Het aminozuur glutamine wordt met behulp van vitaminen en mineralen als cofactoren omgezet in GABA. GABA staat voor gamma-aminoboterzuur. GABA heeft een remmende werking. Het kan de activiteit van zenuwen remmen en daarmee rust brengen in het zenuwstelsel. Daarnaast heeft GABA invloed op de slaap, structuur, verbinding, veiligheid en zorgzaamheid.

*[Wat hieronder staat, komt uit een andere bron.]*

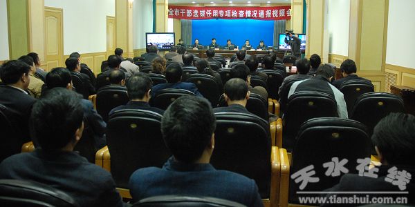 11月12日,在收聽收看了全省干部選撥任用專項(xiàng)檢查情況視頻會(huì)議后,天水市召開全市干部選撥任用專項(xiàng)檢查情況視頻會(huì)議,天水市委書記、市人大常委會(huì)主任張景輝,市委副書記張應(yīng)華,市委常委、常務(wù)副市長(zhǎng)柴金祥,市委常委、紀(jì)委書記楊維俊,市委常委、組織部長(zhǎng)楊繼軍,市委常委、市委秘書長(zhǎng)蔣曉強(qiáng)出席會(huì)議。市長(zhǎng)助理、市政府秘書長(zhǎng)安永,市紀(jì)委、市委組織部班子成員,市直相關(guān)部門負(fù)責(zé)人收聽收看了全省視頻會(huì)議,參加了全市視頻會(huì)議?h區(qū)黨委常委、紀(jì)委和組織部班子成員在各縣區(qū)分會(huì)場(chǎng)收聽收看了視頻會(huì)議。

Neurotransmitters en hormonen zijn beide signaalstoffen. Het grootste verschil is dat hormonen in bepaalde organen, zoals hersenen, schildklier en bijnieren, worden geproduceerd en vervolgens worden afgegeven aan het bloed. Via het bloed wordt het hormoon vervoerd naar het doelorgaan, het orgaan waar het zijn functie kan uitvoeren. Neurotransmitters daarentegen worden niet vervoerd via de bloedbaan, maar de prikkelgeleiding verloopt via de zenuwcellen. Eenmaal aangekomen bij de betreffende doelzenuwcel kan ook de neurotransmitter zijn taak vervullen.